Она пошла прямо к парадным дверям и, выйдя на крыльцо, схватила Гуго за руку, завернула за угол, подошла к карете, возле которой стоял лакей, сделала знак; когда подножка опустилась, незнакомка запрыгнула в карету и пригласила Гуго сесть рядом.
— Пошел скорее! — крикнула она.
Кучер стегнул лошадей, и карета умчалась.
— Он, может быть, и не умрет от этого, — прошептал Коклико, — но я точно скоро умру, если так пойдет и дальше!
Пока он готовился провести бессонную ночь, карета с Монтестрюком и незнакомкой неслась во весь опор по лабиринту парижских улиц. Гасконца занимали, казалось, мысли менее печальные. Вдруг он обхватил рукой тонкий стан своей таинственной проводницы и весело спросил:
— Куда это ты везешь меня, душечка Брискетта?
— Ах! Ты меня узнал?
— Разве иначе я позволил бы себя похитить?
С этими словами он снял с шалуньи капюшон и звонко поцеловал ее.
— Речь сегодня не обо мне, — сказала она, вернув ему, однако же, поцелуй. — Одна знатная дама рассердилась бы на тебя немного, если бы узнала, что мы с тобой целуемся.
— Ах! Разве в самом деле графиня де Суассон…
— Ничего не знаю, кроме того, что у графини есть очень важная для тебя новость и что она хочет передать ее только тебе самому… Она полагает, что после этого сообщения она получит право на твою вечную благодарность…
— Я и буду ей благодарен, Брискетта… Но, ради бога, дай мне совет… Особа, пользовавшаяся вниманием короля — а это бросает и на нее отблеск величия, — особа необыкновенная… Ты ее хорошо знаешь… что я должен делать и как говорить с ней, когда мы останемся с глазу на глаз?
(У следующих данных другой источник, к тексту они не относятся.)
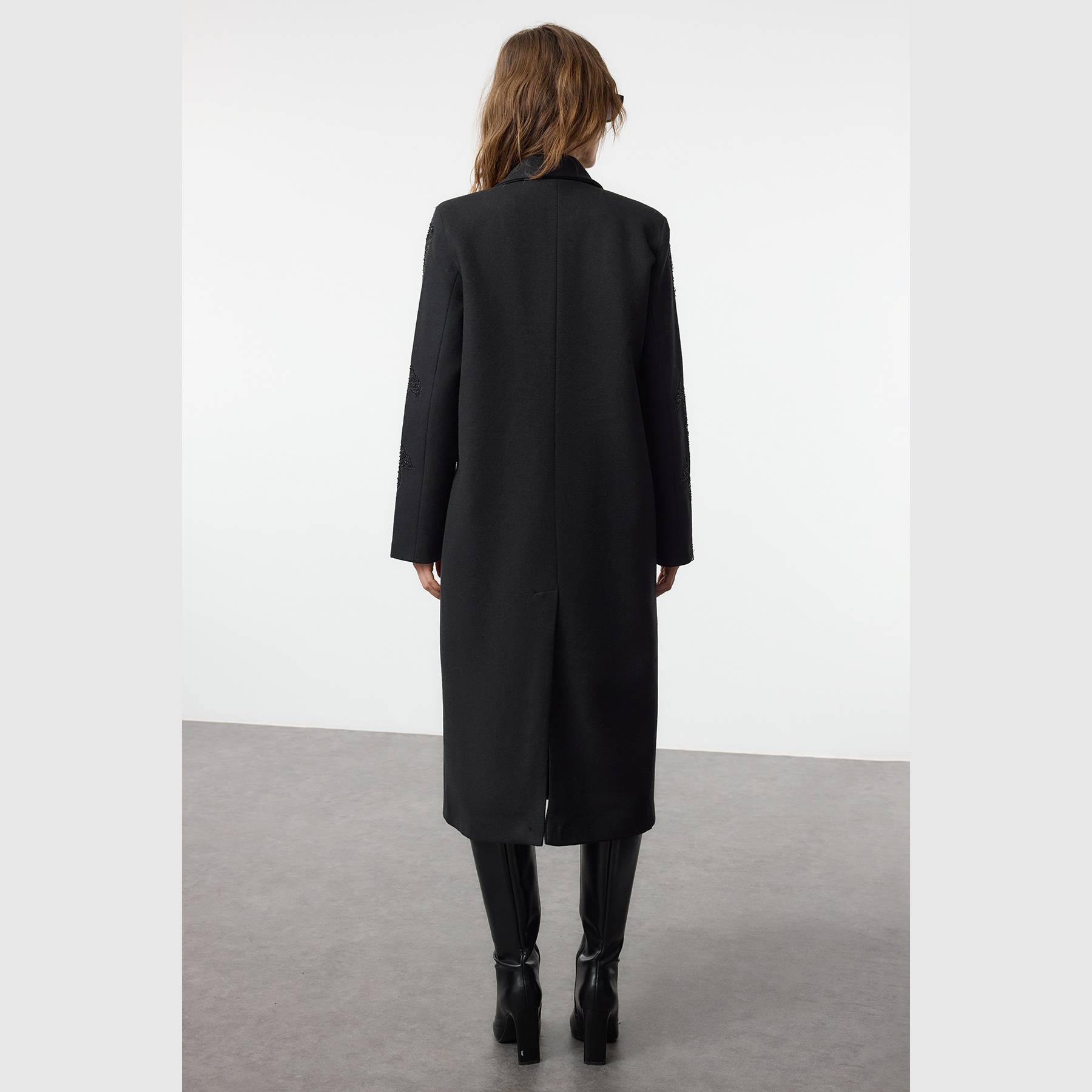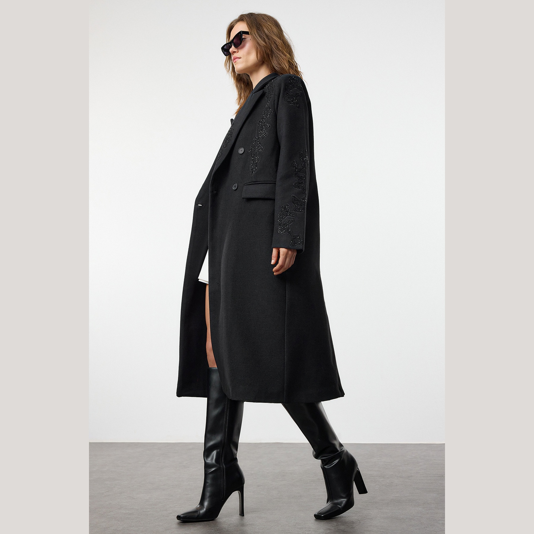 كاب شتوي أنيق بلون أسود موحد من مجموعة Trendyolmilla – لأناقة دافئة بلمسة فنية ناعمة، يتميز بقصة منتظمة (Regular Fit) وطول كامل، مع ياقة جاكيت كلاسيكية، وأكمام طويلة، وتفاصيل تطريز ناعمة تضيف لمسة أنثوية، مصنوع من خامة ناعمة ومريحة بتركيبة تشمل 61% بوليستر، 36% قطن، 3% إيلاستان، ومبطن بالكامل، ما يجعله مثاليًا لأيام الشتاء الباردة.
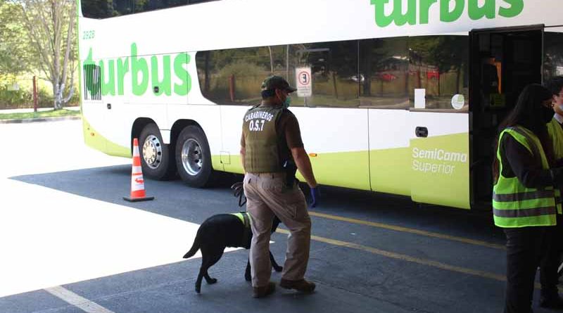 El procedimiento se registró en la comuna de Lautaro, cuando Carabineros del OS-7 con apoyo del perro policial adiestrado “Flawy”, fiscalizaron un bus de recorrido interurbano que viajaba desde Santiago a Puerto Montt.
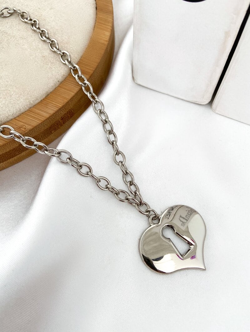 3. Colar Semi Joia Coração com Fechadura
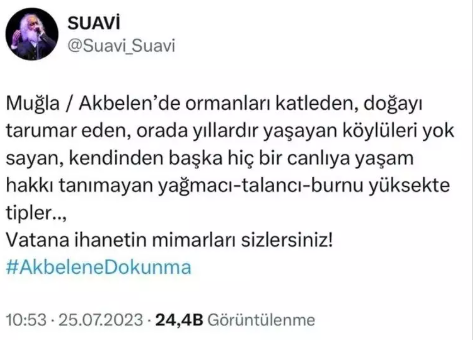 CHP yandaşı Suavi, Akbelen'le ilgili 2023'te yaptığı paylaşımda "Akbelen'de ormanları katleden, doğayı tarumar eden, orada yıllardır yaşayan köylüleri yok sayan, kendinden başka hiçbir canlıya yaşam hakkı tanımayan yağmacı-talancı-burnu yüksekte tipler. Vatana ihanetin mimarları sizlersiniz!" demişti.

— Ведя себя, как со мной… Видишь ли, в каждой женщине сидит Брискетта.
Карета остановилась у длинной стены на пустынной улице, конец которой терялся в глухом предместье. Брискетта выскочила из кареты и постучала особым образом в узкую калитку, выкрашенную под цвет стены. Калитка тихо отворилась, и Брискетта бросилась, ведя за собой Гуго, в сад, в конце которого смутно виднелся в темноте маленький домик, окруженный высокими деревьями. Они подошли к скромному павильону, в котором, казалось, никто не жил: снаружи он был безмолвен и мрачен, и ни малейшего света не заметно было в щелях ставней.
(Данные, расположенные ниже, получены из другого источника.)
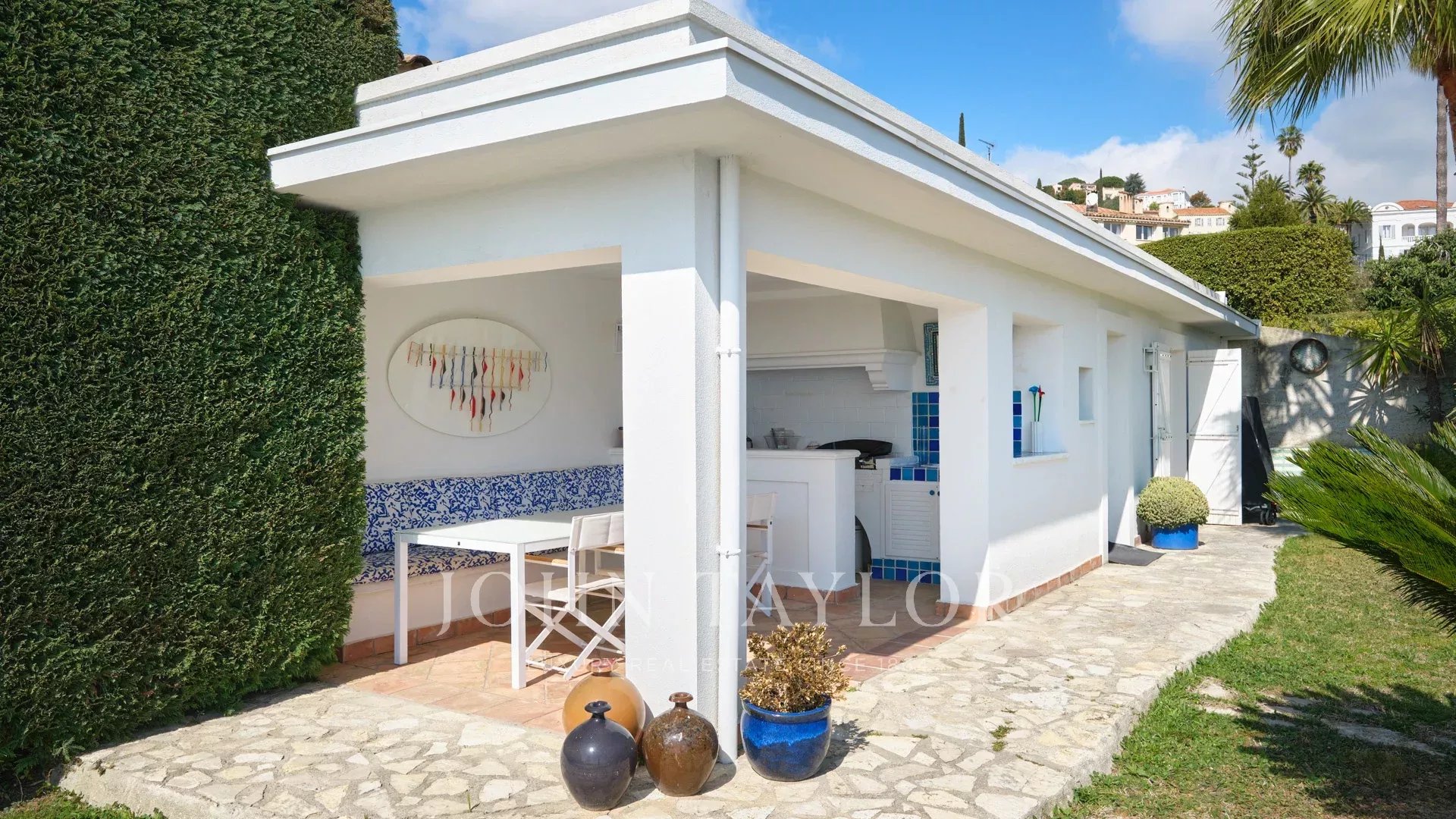 On the heights of Golfe-Juan and 800 m from the beaches, in the heart of a garden of 1,000 sq.m, modern villa of about 180 sq.m living area enjoying beautiful sea views.
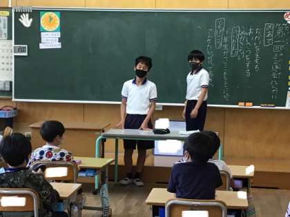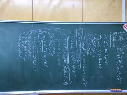 みんなが安全に登下校できるように、めあてを確認をしたり、通学路で危ないところを出し合ったりしました。司会の6年生は、1年生でも分かるように、言葉を選んで話したり、板書の文字にふりがなをふったりしていました。

— Вот и таинственный дворец! — прошептал Гуго.
— Скажи лучше — замок Спящей красавицы; только красавица не спит, — возразила Брискетта приглушенным голосом.
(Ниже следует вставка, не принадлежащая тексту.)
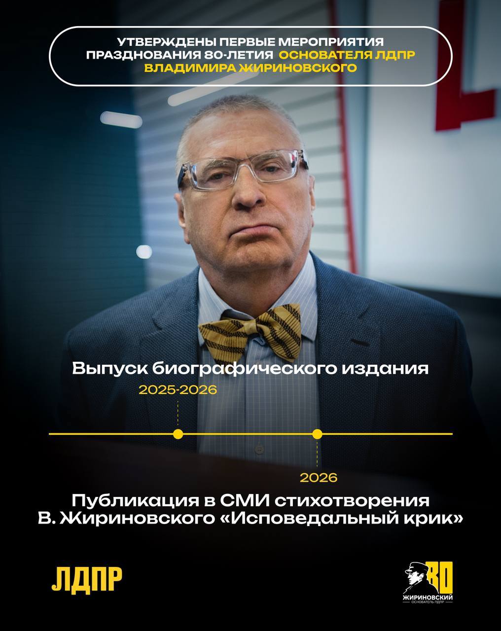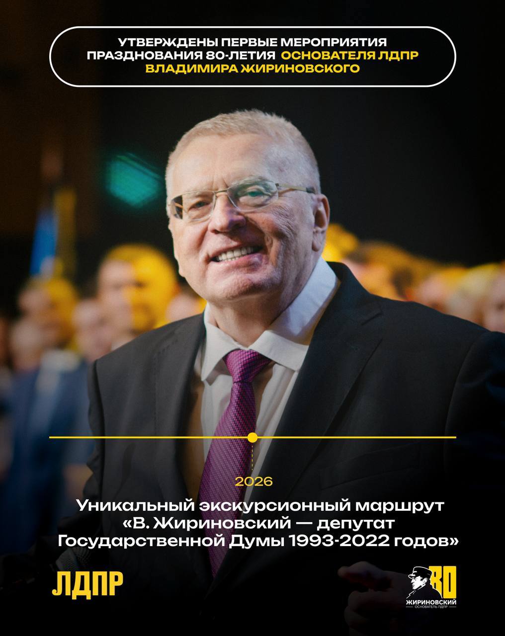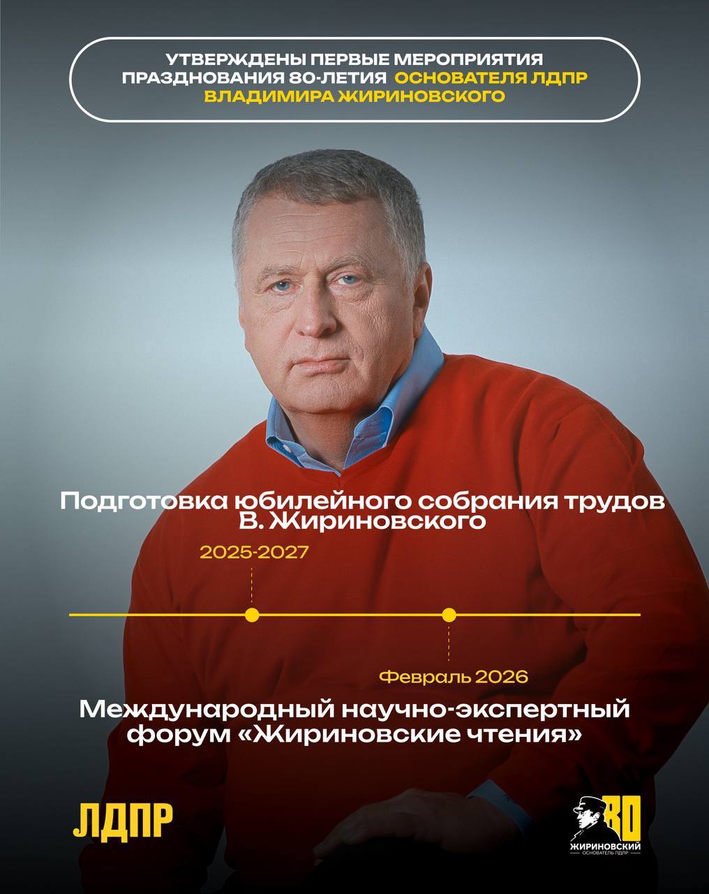 ЛДПР уже приступила к масштабной подготовке празднования 80-летия со дня рождения Основателя Партии — Владимира Вольфовича Жириновского, которое состоится в 2026 году.

Она вложила маленький ключ в замок, дверь бесшумно открылась, и Гуго вошел. В сенях было еще темней, чем в саду. Гуго послушно следовал за Брискеттой, которая в этой темноте ступала смело и уверенно. Она подняла портьеру, взошла проворно и без малейшего шума по лестнице, остановилась перед узенькой дверью и толкнула ее. Тонкий, как золотая стрела, луч света разрезал темноту.
— Ступай прямо на свет, — шепнула ему на ухо Брискетта. — Тебе попадется дверная ручка; отвори — и желаю тебе успеха.
Она исчезла, а Гуго направился к двери. Легкий аромат и приятное тепло охватили его. Он нашел ручку и отворил дверь. Целый поток света хлынул ему навстречу.
Гуго вошел в круглую комнату, обтянутую шелковой материей; огни больших подсвечников отражались в венецианских зеркалах. В изящном камине трещал огонь. В этом благоуханном приюте никого не было.
Удивленный и взволнованный, Гуго оглянулся вокруг. Тут перед ним появилась графиня де Суассон. Руки ее были полуобнажены, волосы раскинуты буклями по плечам, шея тоже обнажена. Божество вступало в свой храм.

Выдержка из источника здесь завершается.